What to do
Copy, word for word, the lines below from the one containing "King Size Upholstered" up to and including the one containing "Soft Renkli Yıldız", with pictures left out.

Raw data
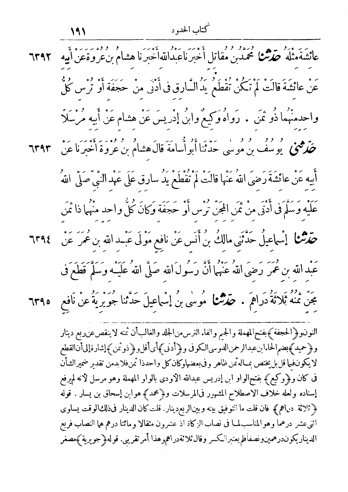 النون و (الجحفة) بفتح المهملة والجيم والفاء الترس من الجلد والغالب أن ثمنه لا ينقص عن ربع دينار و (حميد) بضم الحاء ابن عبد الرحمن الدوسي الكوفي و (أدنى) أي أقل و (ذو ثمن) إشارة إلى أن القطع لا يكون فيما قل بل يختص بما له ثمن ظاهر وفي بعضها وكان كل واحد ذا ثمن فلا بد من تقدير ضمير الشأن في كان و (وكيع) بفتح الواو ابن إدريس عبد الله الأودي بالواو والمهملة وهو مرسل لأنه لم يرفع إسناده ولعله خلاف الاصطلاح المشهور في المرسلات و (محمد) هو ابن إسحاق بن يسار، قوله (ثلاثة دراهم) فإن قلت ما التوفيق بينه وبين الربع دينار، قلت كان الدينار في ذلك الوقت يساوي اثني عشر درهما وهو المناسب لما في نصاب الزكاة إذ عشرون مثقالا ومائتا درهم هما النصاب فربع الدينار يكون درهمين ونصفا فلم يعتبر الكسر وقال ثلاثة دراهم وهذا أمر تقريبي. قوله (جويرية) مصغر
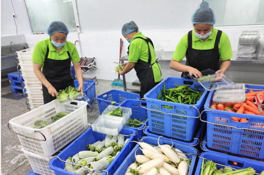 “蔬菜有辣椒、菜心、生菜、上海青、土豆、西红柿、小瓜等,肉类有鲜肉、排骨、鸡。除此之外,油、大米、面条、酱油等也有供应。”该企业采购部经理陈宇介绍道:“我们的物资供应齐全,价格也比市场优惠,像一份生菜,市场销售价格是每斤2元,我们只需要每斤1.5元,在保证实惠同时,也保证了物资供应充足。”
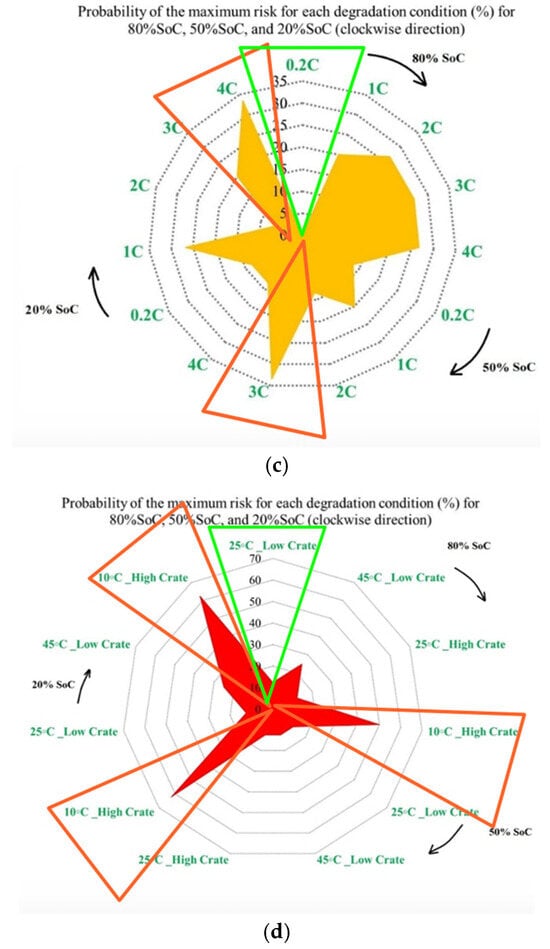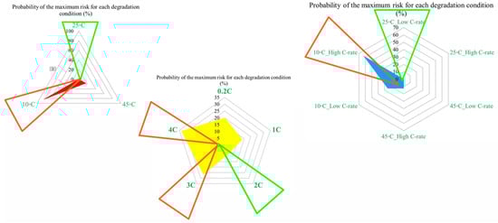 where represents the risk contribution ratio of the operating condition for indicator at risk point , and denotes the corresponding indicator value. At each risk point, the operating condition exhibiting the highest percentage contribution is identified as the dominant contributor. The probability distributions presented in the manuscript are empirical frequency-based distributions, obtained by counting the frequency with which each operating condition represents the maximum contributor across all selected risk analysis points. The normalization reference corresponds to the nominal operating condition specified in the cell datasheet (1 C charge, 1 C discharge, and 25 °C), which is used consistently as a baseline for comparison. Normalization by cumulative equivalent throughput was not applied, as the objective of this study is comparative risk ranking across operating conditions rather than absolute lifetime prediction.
--
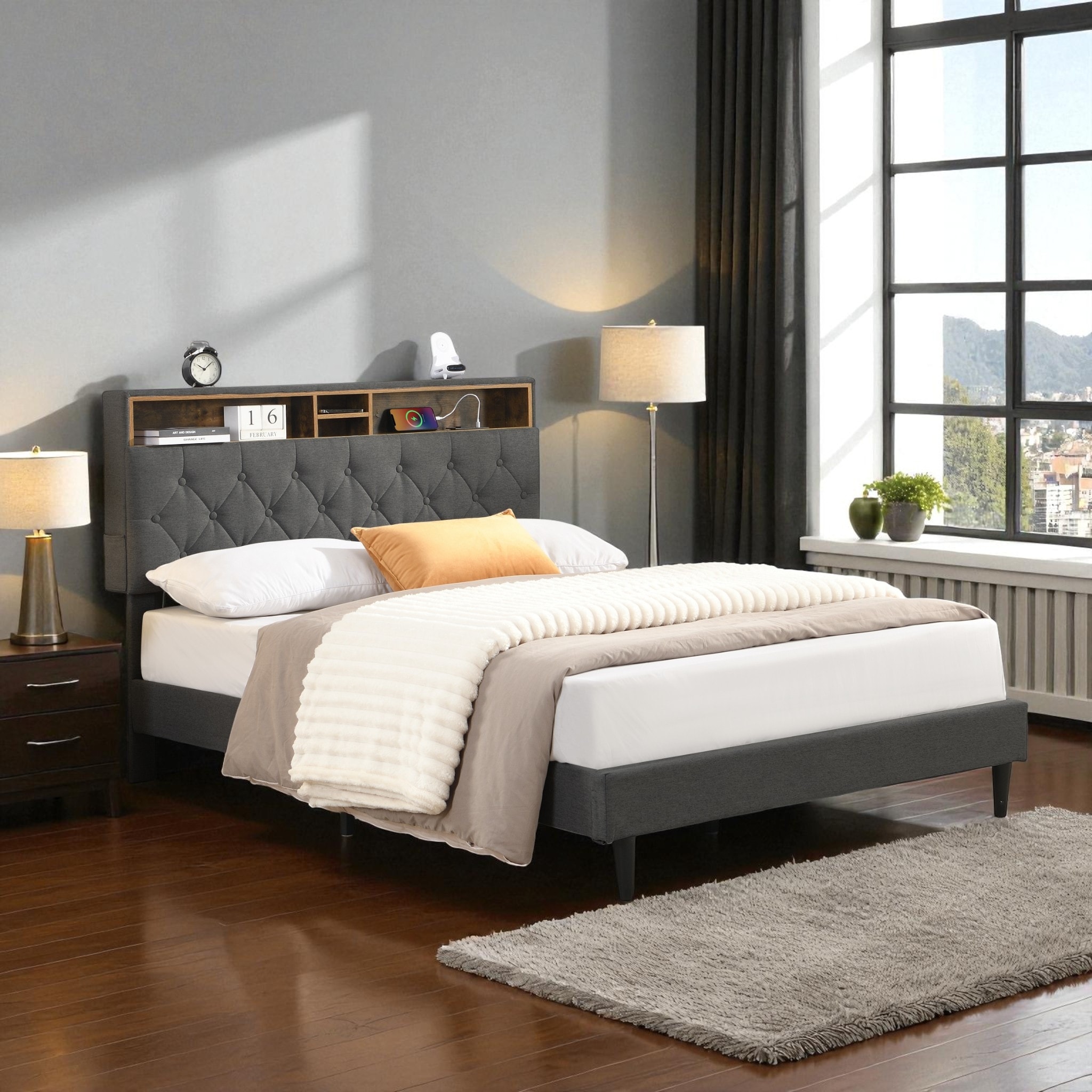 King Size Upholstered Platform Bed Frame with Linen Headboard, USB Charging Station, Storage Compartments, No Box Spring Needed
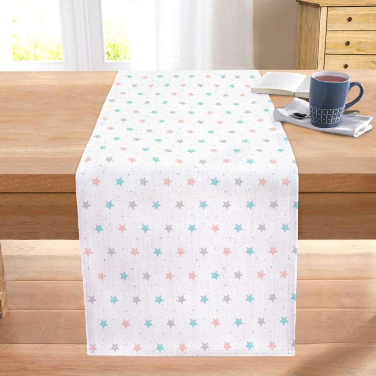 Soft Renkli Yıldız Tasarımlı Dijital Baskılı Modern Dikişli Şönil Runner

Response
 King Size Upholstered Platform Bed Frame with Linen Headboard, USB Charging Station, Storage Compartments, No Box Spring Needed
 Soft Renkli Yıldız Tasarımlı Dijital Baskılı Modern Dikişli Şönil Runner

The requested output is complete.